Version 0.2 Post-Processing & Model Search Implementation

  • 1. Create summary function complete with pretty printing for the model output.
  • 2. Create diagnostic plotting functions for the model outputs.
  • 3. Measures/Tests such as X2, Significance tests, AIC/BIC, R^2, and so on.
  • 4. Model comparisons, T-tests, ANOVA and so forth. Refer to the model comparisons package in R for inspiration.
  • 5. Write an update() function for modifying the model and write a step() function for model searches, forward, backward, both directional searches.
  • 6. Write/finalize the documentation.
  • 7. Do you need to worry about which operating system this will be run on? Theoretically, if it is written in Julia, D and R it could be that you won't need to worry about this.

Version 1.0 Alpha

  • 1. Make sure that all the functionality is working as designed and are all properly tested and documented.

Version 1.0 Beta

  • 1. Release for testing and carry out bug fixing - Github ony

Version 1.0 Release Candidate

  • 1. Write a presentation about this package and start publicising in Active Analytics website and do presentations about it. Do any further changes that need to be done.
  • 2. Attempt to release this on CRAN

Version 1.0

  • 1. By now everything should be baked in and should be stable. Release it and enjoy using it.

Version 1.1

  • 1. Add Constraints to regression, use Generalized QR decomposition.
  • 2. Add L1, and L-Infinity error functions for regression.
  • 3. Include regression constraints both for linear regression and GLM using LAPACK routines for generalized least squares (MKL), see Netlib also.
  • 4. Add regularization feature.
  • 5. Multiple Y variables?
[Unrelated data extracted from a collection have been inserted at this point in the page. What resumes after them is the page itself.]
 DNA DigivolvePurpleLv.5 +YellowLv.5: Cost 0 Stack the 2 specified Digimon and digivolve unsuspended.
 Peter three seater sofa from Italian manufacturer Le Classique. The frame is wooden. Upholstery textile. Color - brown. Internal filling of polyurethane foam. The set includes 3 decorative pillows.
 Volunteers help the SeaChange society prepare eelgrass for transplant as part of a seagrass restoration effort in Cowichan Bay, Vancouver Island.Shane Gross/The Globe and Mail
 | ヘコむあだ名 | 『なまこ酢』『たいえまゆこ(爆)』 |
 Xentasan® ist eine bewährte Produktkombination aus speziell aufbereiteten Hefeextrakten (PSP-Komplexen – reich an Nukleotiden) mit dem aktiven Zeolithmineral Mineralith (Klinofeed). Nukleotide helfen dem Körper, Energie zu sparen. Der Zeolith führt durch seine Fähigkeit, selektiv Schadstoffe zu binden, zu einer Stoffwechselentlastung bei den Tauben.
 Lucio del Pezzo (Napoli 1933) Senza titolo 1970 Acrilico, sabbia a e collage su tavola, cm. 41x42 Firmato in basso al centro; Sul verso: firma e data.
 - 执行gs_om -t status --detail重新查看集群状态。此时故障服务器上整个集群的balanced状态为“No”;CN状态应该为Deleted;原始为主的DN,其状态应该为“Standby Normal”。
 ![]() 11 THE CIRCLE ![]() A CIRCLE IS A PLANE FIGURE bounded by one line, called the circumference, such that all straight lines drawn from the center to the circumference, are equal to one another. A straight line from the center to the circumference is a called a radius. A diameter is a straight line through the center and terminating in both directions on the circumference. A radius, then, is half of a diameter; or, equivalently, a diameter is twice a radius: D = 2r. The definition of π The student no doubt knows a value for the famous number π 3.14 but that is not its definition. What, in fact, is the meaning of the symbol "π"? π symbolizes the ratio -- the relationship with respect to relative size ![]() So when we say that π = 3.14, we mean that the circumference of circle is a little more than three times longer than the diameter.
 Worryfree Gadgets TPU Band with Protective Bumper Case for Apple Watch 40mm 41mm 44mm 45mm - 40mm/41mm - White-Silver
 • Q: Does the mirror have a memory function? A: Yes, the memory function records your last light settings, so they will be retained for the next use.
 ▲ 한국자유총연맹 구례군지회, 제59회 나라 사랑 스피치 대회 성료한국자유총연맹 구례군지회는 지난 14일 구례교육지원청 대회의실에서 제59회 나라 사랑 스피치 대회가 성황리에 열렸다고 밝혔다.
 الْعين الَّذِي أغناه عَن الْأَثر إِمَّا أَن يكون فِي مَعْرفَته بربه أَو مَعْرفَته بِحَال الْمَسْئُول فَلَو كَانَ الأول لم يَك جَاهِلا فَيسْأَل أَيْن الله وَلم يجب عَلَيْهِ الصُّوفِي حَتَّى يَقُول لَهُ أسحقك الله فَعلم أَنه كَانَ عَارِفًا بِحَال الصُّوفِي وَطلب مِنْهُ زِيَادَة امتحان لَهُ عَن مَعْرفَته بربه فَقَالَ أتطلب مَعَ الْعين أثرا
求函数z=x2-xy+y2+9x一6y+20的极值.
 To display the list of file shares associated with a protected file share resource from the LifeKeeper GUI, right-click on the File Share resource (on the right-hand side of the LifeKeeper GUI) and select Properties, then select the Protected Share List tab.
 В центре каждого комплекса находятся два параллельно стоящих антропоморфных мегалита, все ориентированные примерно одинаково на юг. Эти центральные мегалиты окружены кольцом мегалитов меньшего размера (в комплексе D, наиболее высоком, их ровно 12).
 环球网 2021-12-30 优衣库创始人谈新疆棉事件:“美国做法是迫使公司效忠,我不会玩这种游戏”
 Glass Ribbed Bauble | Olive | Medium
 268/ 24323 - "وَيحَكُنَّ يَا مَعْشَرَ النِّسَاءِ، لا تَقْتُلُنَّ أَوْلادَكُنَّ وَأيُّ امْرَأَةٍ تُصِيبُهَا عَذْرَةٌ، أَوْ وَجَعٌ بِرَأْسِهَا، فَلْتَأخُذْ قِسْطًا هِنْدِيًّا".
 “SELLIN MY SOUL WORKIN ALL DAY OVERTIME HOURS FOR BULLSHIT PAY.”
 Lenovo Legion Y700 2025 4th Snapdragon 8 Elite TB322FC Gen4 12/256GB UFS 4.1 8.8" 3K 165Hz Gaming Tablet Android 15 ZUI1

LAPACK allows this feature to be implemented to the framework.

References

  1. Generalized Linear Models and Extensions, 3rd Edition, James W. Hardin, Joseph M. Hilbe.
  2. Routines for BLAS, LAPACK, MAGMA, Mark Gates, http://www.icl.utk.edu/~mgates3/docs/lapack.html.
  3. Matrix Computations, 4th Edition, Gene H. Golub, Charles F. Van Loan.
  4. Generalized Additive Models, An Introduction with R, 2nd Edition, Simon N. Wood.